> Data below:
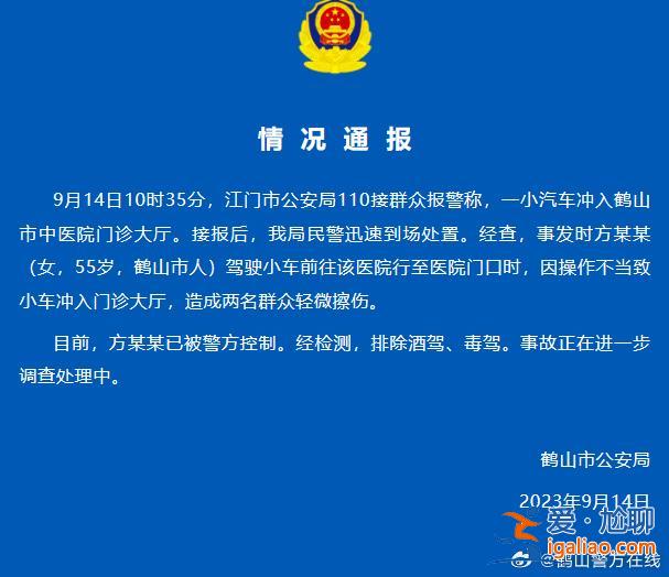 9月14日下午,@鶴山警方在線通報了“汽車沖入廣東鶴山一醫院門診大廳”一事,警方稱系司機操作不當致小車沖入門診大廳,已被警方控制。經檢測,排除酒駕、毒駕。...
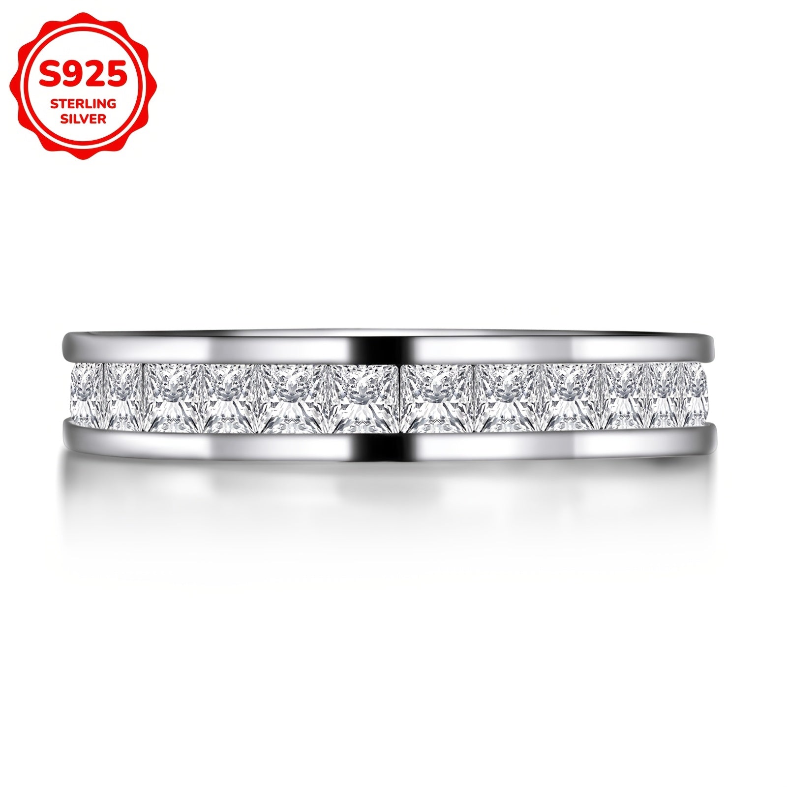 This stunning engagement ring features a princess-cut cubic zirconia stone set in 925 sterling silver. The full band design adds elegance and sophistication to any outfit.
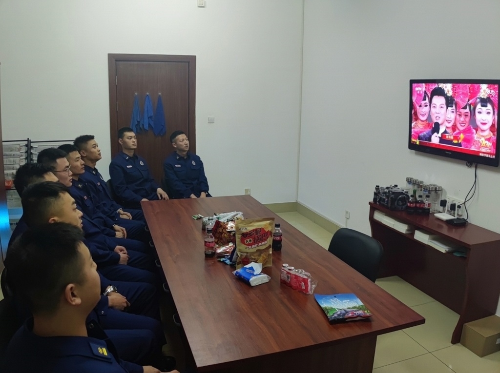 除夕之夜,万家灯火时,为了让每一名指战员能完整的看完春节联欢晚会,给家人打上一个温馨的电话,应急通信与车辆勤务大队干部替消防员站岗执勤。晚上8点,应急通信与车辆勤务大队的班级里桌上摆满了瓜子、花生、糖等食物,这是勤务一班在组织看春晚。大队为落实上级疫情指示,以班级为单位组织看春晚,促进队员们的感情以及落实规章制度。春晚成了每年必不可少的环节,消防员们吃着东西,看着春晚,时不时还和旁边的队友悄悄的聊着,春节的味道更浓厚了。
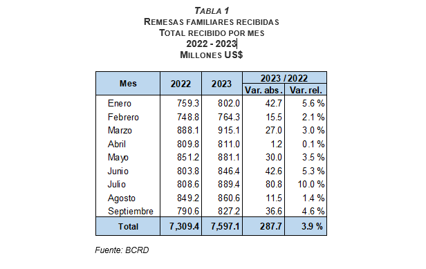 El Banco Central de República Dominicana (BCRD) informó este jueves que en el período enero-septiembre las remesas recibidas alcanzaron la cifra de US$7,597.1 millones, lo cual representa un crecimiento de 3.9% en comparación con el mismo período del año anterior.

> What is expected: Copy exactly, and copy nothing else: the lines from the start of the data above through the line that holds "除夕之夜,万家灯火时,为了让". The pictures stay out.

> Answer space:
 9月14日下午,@鶴山警方在線通報了“汽車沖入廣東鶴山一醫院門診大廳”一事,警方稱系司機操作不當致小車沖入門診大廳,已被警方控制。經檢測,排除酒駕、毒駕。...
 This stunning engagement ring features a princess-cut cubic zirconia stone set in 925 sterling silver. The full band design adds elegance and sophistication to any outfit.
 除夕之夜,万家灯火时,为了让每一名指战员能完整的看完春节联欢晚会,给家人打上一个温馨的电话,应急通信与车辆勤务大队干部替消防员站岗执勤。晚上8点,应急通信与车辆勤务大队的班级里桌上摆满了瓜子、花生、糖等食物,这是勤务一班在组织看春晚。大队为落实上级疫情指示,以班级为单位组织看春晚,促进队员们的感情以及落实规章制度。春晚成了每年必不可少的环节,消防员们吃着东西,看着春晚,时不时还和旁边的队友悄悄的聊着,春节的味道更浓厚了。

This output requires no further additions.